I couldn’t believe it. It was like I’d never read the Psalm before.  My entire mind was flooded with revelation and I had an entirely new bible.  I also had an entirely new understanding of Jesus’ cry on the cross. I read the Psalm again and then went back to Matthew 27 to read the entire passage.  And then I read it again because I finally saw what Matthew’s gospel was saying.
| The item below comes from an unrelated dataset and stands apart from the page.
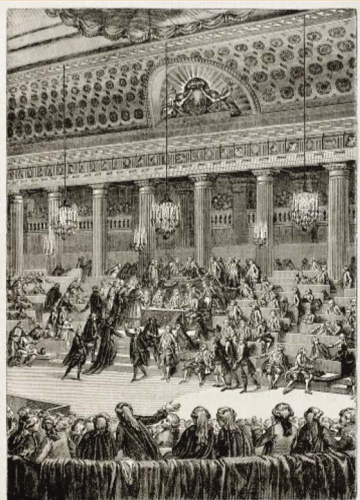
No dia 04 de agosto de 1789, os parlamentares da Assembleia Constituinte aboliram os privilégios oriundos do antigo regime da França e criaram a Declaração dos Direitos do Homem e do Cidadão

A Declaração Universal dos Direitos da ONU surgiu em 1950, exatamente 159 anos depois. Em seu artigo 1º mostra exatamente a que veio: Todos os seres humanos nascem livres e iguais em dignidade e direitos. São dotados de razão e consciência e devem agir em relação uns aos outros com espírito de fraternidade.
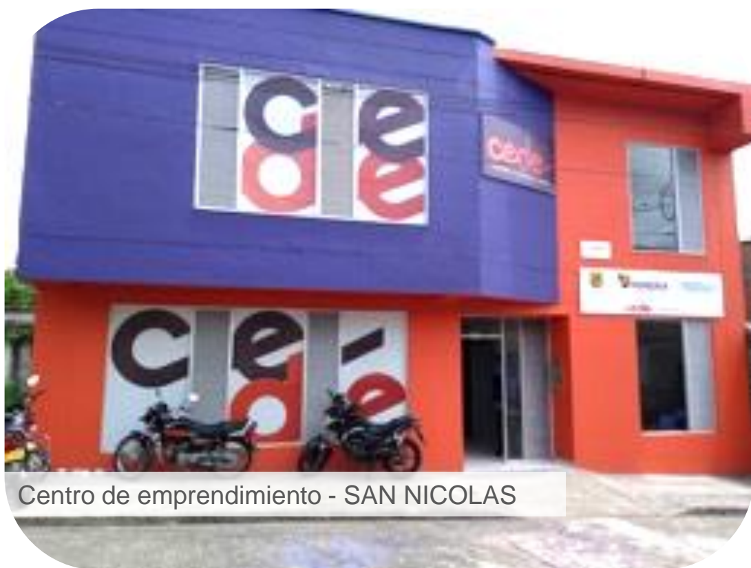
Centro de emprendimiento - SAN NICOLAS

Jesus’ cry on the cross was not a cry of agony at being abandoned by God.  Rather, it was a shout of triumph.  Even when the situation looks as bad as it possibly can, my God shouts His triumph.

This was a brand new discovery for me and the Holy Spirit and I delighted in it together.  I felt like I’d been the only one ever to have seen this to be true even though, at the same time, I knew I could not be.  Indeed, I am not the first nor will I be the last but it doesn’t matter.  I delight in my seeing.  Those who have already seen share my delight and I have an equal share in the delight of their having seen.  Even though many have walked the shoreline of this particular revelation, the Holy Spirit made the sand smooth so that I felt my footsteps were the first.  He makes it smooth again once I’ve passed so that another can discover Him for the first time.

*All scriptures are quoted from the Amplified and NIV translations.